I do notice that your table has a secondary UNIQUE KEY, which will also require locks. There are some cases of deadlocks that occur because of non-atomicity of the lock assignment.
Worker 1 Worker 2
UPDATE SET worker_id = 1
(acquires locks on PK)
UPDATE SET worker_id = 2
(waits for PK locks held by worker 1)
(waits for locks on UNIQUE KEY)
Both worker 1 and worker 2 can therefore be waiting on each other, and enter into a deadlock.
This is just a guess. Another possibility is that the ORM is doing a second UPDATE for the updated_at
column, and this introduces another opportunity for a race condition. I haven't quite worked that out mentally, but I think it's possible.
Below is a recommendation for a different system that would avoid these problems:
There's another problem, that you're not really balancing the work over your processes to achieve the best completion time. There might not be an equal number of offers in each group when you split them by modulus. And each offer might not take the same amount of time to process anyway. So some of your workers could finish and have nothing to do, while the last worker is still processing its work.

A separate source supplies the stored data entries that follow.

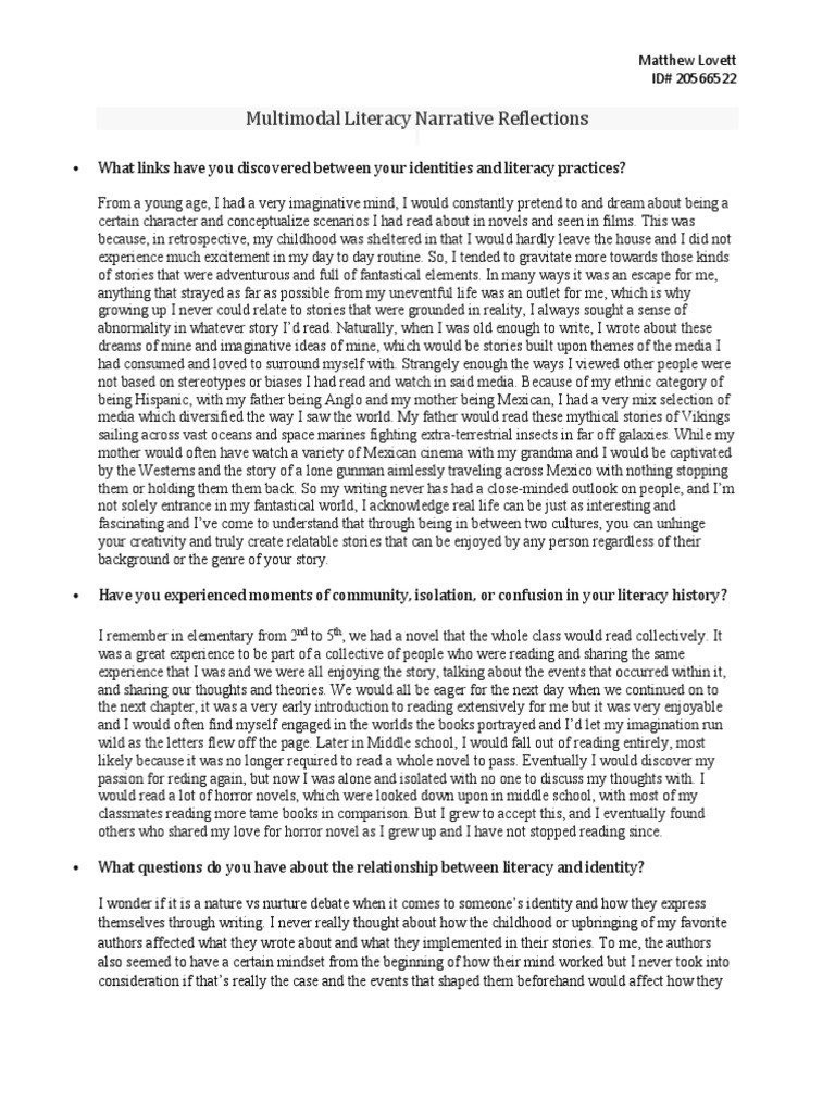 Multimodal Literacy Narrative Reflections PDF Dream
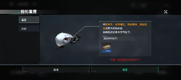 舰船/武器拆解重置:进武器装配界面,点对应按钮,秒进资源返还页,材料轻松拿!
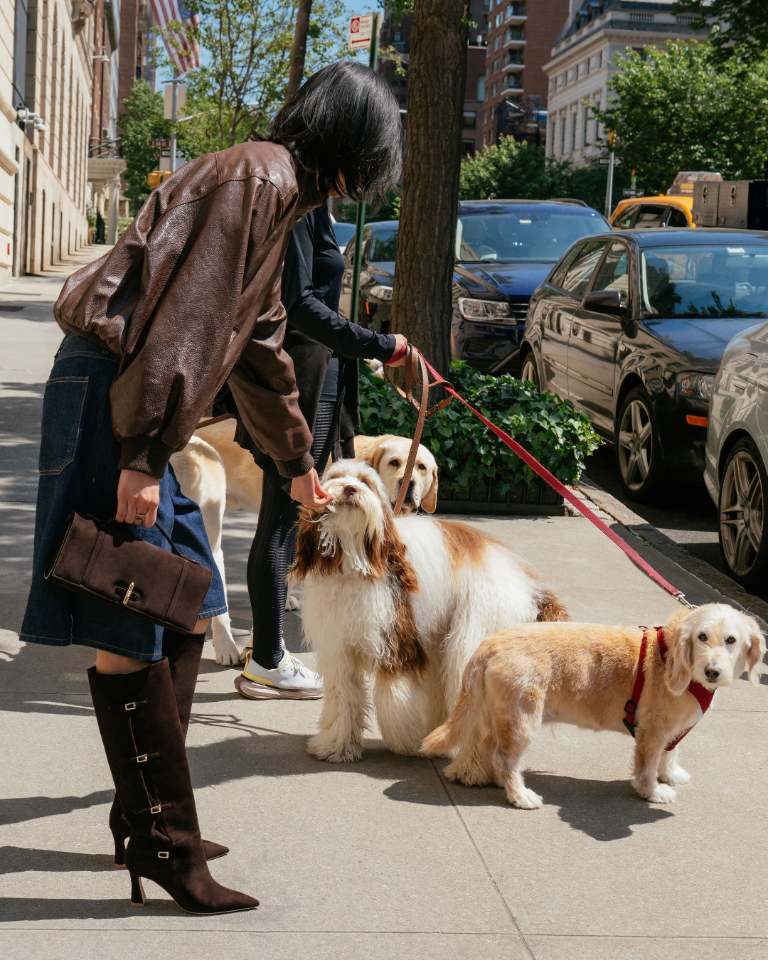 Coco and Valerio: Shooting the campaign in NYC was so thrilling. Tommy, Tyler, and Jessi were the dream team to work with. Our wonderful model, Michelle, was the MVP – running around the busy crosswalks and cobbled streets in towering heels all day long so we could get the perfect shot. I’m so glad we got to capture the moment of Michelle with some adorable dogs on their walk.

You can solve both problems, the locking and the load-balancing:
Change the table columns in the following way:
ALTER TABLE offers
CHANGE worker_id work_state ENUM('todo', 'in progress', 'done') NOT NULL DEFAULT 'todo',
ADD INDEX (work_state),
ADD COLUMN updated_at DATETIME DEFAULT CURRENT_TIMESTAMP ON UPDATE CURRENT_TIMESTAMP,
ADD INDEX (updated_at);
Create ONE process that reads from the table periodically, and adds the primary key id
values of offers in a 'todo' state to a message queue. All the offers, regardless of their offer_id value, get queued in the same way.
SELECT id FROM offers WHERE work_state = 'todo'
/* push each id onto the queue */
Then each of the workers can pull one id
at a time from the message queue. The worker does the following steps with each id:
UPDATE offers SET work_state = 'in progress' WHERE id = :id
The worker performs the work for its one offer.
UPDATE offers SET work_state = 'done' WHERE id = :id
These worker queries only reference one offer at a time, and they address the offers by primary key, which will use the PK index and only lock one row at a time.
Once it has finished one offer, then the worker pulls the next offer from the queue.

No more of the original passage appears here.